• _Required action_
From the data that follows, set down exactly the lines from the one with "Cut from lightweight" through the one with "excellent anti-interference capabilities.", counting both. Pictures stay out.

• _Task material_
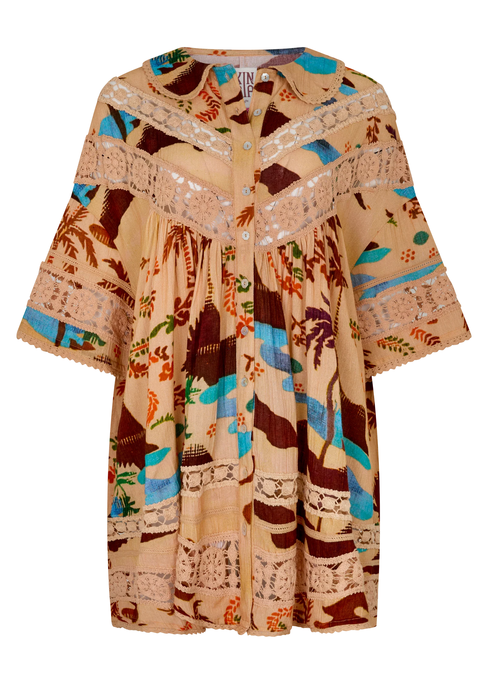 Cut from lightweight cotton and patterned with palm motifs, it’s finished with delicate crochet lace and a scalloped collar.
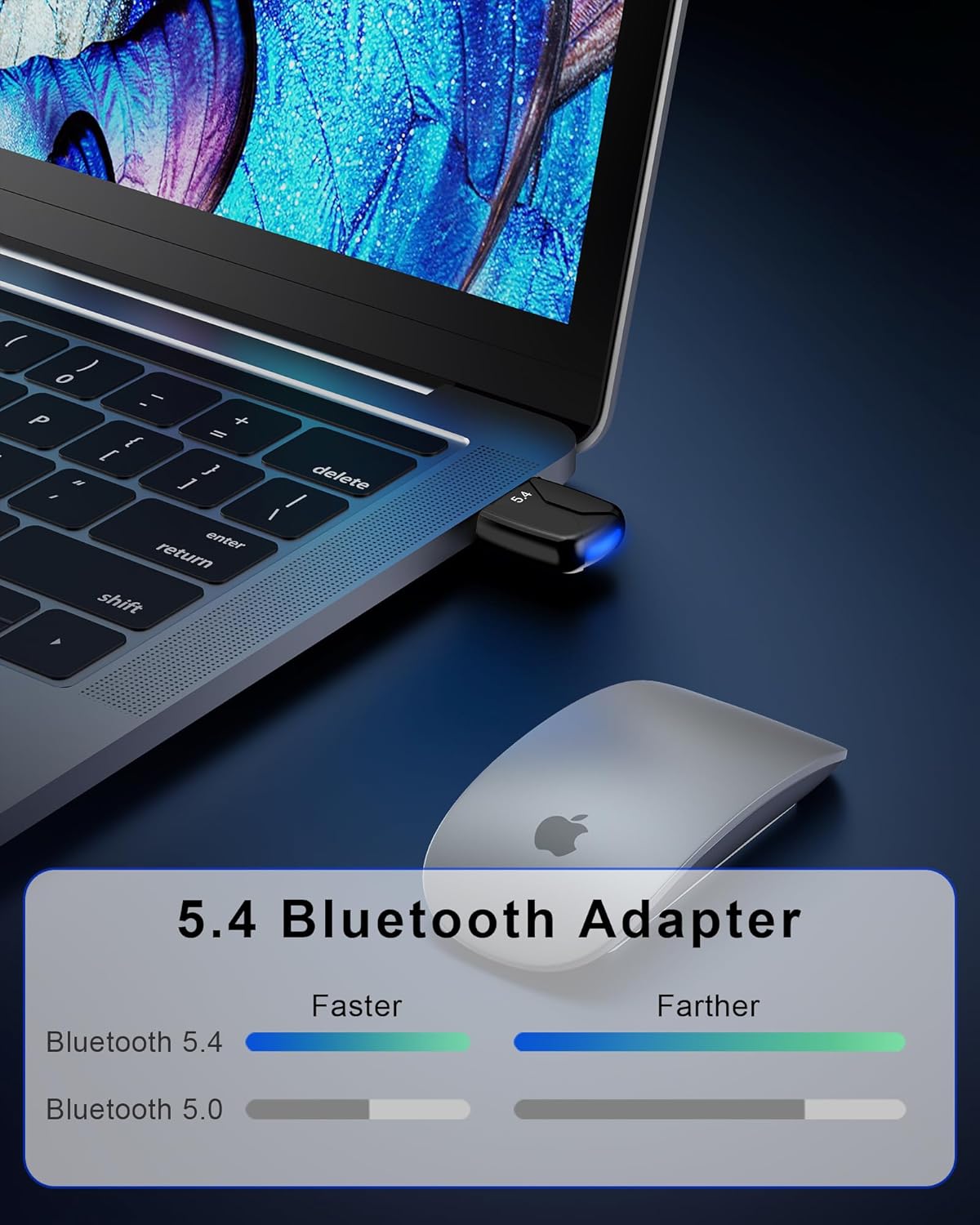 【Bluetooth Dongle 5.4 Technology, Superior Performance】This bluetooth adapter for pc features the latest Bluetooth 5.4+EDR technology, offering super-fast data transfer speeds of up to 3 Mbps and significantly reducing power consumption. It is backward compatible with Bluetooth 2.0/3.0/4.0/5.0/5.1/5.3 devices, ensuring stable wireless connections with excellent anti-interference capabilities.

...

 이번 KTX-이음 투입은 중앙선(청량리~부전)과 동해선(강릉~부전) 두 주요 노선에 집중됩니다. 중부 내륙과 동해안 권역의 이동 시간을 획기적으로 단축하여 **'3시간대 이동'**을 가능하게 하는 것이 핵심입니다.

--

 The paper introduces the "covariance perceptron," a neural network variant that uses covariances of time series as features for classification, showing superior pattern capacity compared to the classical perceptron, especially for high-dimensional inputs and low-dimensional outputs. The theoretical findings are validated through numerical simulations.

• _Output of the task_
 Cut from lightweight cotton and patterned with palm motifs, it’s finished with delicate crochet lace and a scalloped collar.
 【Bluetooth Dongle 5.4 Technology, Superior Performance】This bluetooth adapter for pc features the latest Bluetooth 5.4+EDR technology, offering super-fast data transfer speeds of up to 3 Mbps and significantly reducing power consumption. It is backward compatible with Bluetooth 2.0/3.0/4.0/5.0/5.1/5.3 devices, ensuring stable wireless connections with excellent anti-interference capabilities.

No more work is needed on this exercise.